Researchers: NAC Experiencing Growing Pains
The vulnerabilities stem from the fact that many companies don't have enough information about what devices are connected to their networks, how they're running and operating, and what changes are occurring within them, said John Stewart, chief security officer at Cisco and head of the San Jose, Calif.-based vendor's security-related groups.
"The concept of having devices join a network in which they are posture-assessed and given access to the network in a granular way is still in its infancy," said Stewart.
NAC protects corporate networks by scanning PCs for malware, ensuring that patches and software up to date before allowing users to access the network, and quarantining infected or noncompliant machines.
Ofir Arkin, CTO and co-founder of Insightix, an Israel-based NAC startup, gave a presentation at this week's Black Hat conference in Las Vegas outlining the various technologies behind today's NAC solutions and methods for circumventing their security measures. "The lack of common criteria for NAC has led to vendors adopting different approaches to the technology," said Arkin.
NAC solutions based on the Dynamic Host Configuration Protocol (DHCP) make it easy for companies to deploy the technology today, said Arkin.
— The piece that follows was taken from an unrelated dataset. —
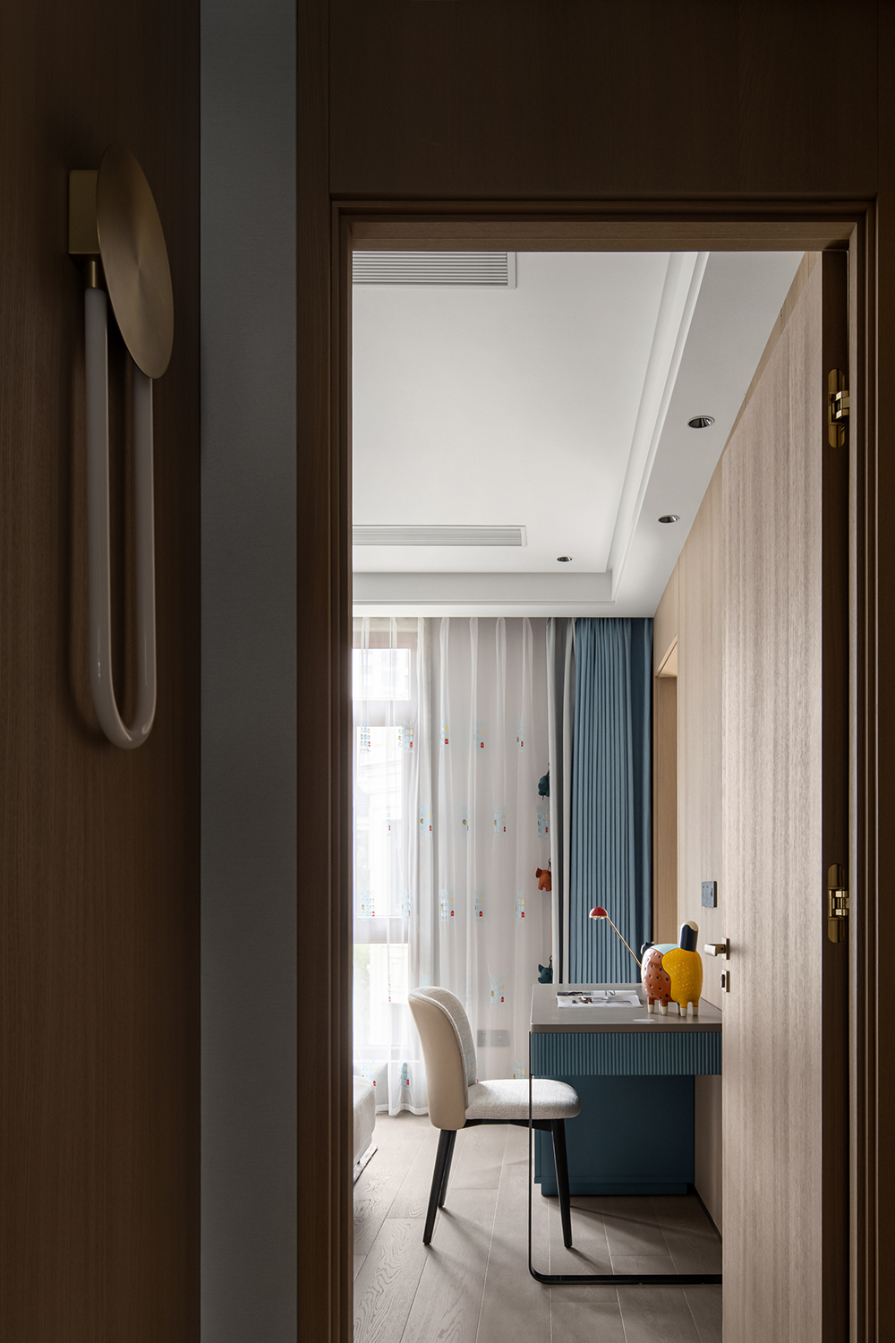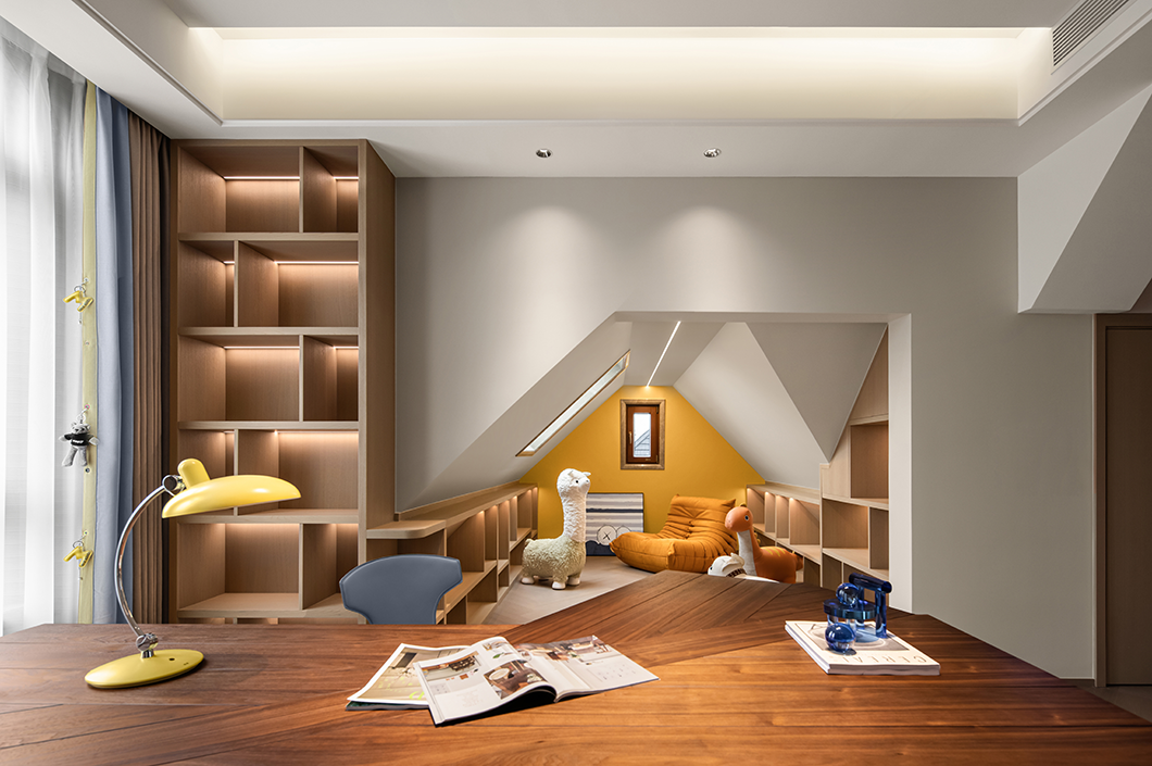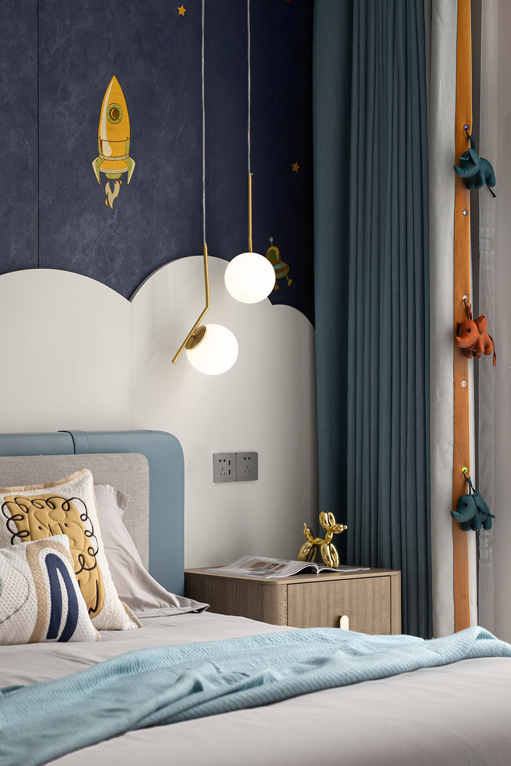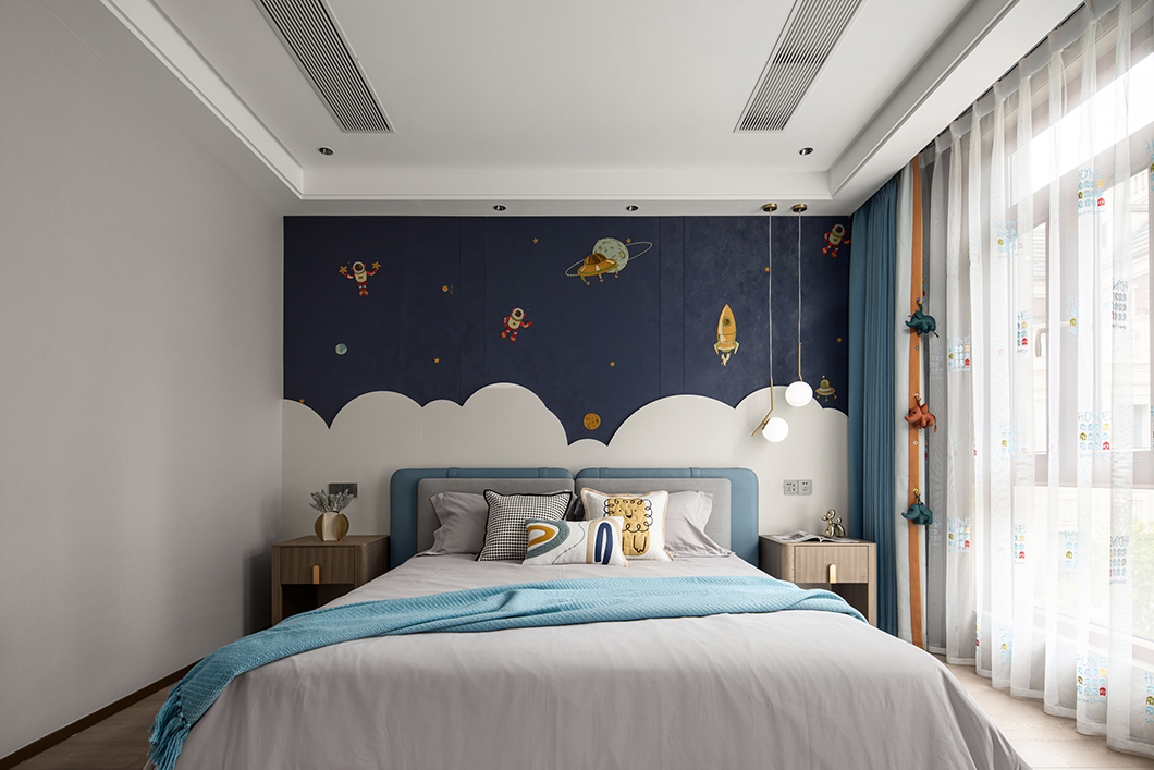 兒童房以“造夢”為設(shè)計(jì)主題,深淺遞進(jìn)的藍(lán)色滿足小男孩對未知星空探索的想象,趣味的動物元素豐富了關(guān)于快樂星球的趣味遐想。活潑的兒童空間搭載著小朋友稚嫩而精彩的夢,還原了孩子應(yīng)有的天真爛漫。

However, DHCP -- which assigns IP addresses as each individual user is authenticated -- can be bypassed by a user inside the network assigning themselves a static IP address, he added.
Another drawback of DHCP-based NAC solutions is that they require agent software that often exists only for Windows, said Arkin.
Chris Labatt-Simon, president and CEO of D&D Consulting, Albany, N.Y., recommends combining NAC with a one-time password, or biometric authentication, to provide more security than just a static password. "A strong authentication policy is necessary to ensure the validity and the identity of a user accessing a network," said Labatt-Simon.
Unlike Layer 3 DHCP-based solutions, Cisco's 802.1x-based NAC solutions provide stronger security because it operates at Layer 2, Arkin said. When 802.1x authentication is implemented on switches or embedded in network infrastructure, it can prevent network devices from connecting even before they're assigned an IP address, said Arkin.
However, the drawback of Cisco's 802.1x-based NAC solution is that it only works on Cisco infrastructure, and solutions can be difficult to manage because all network devices must be configured to use 802.1x, Arkin added.
Companies should be aware that NAC is an emerging technology and take time to assess its impact on their networks, Stewart said. "I believe the benefits of NAC are going to outweigh the risks, because most companies are going to put solutions in learning mode as opposed to enforcement mode," said Stewart.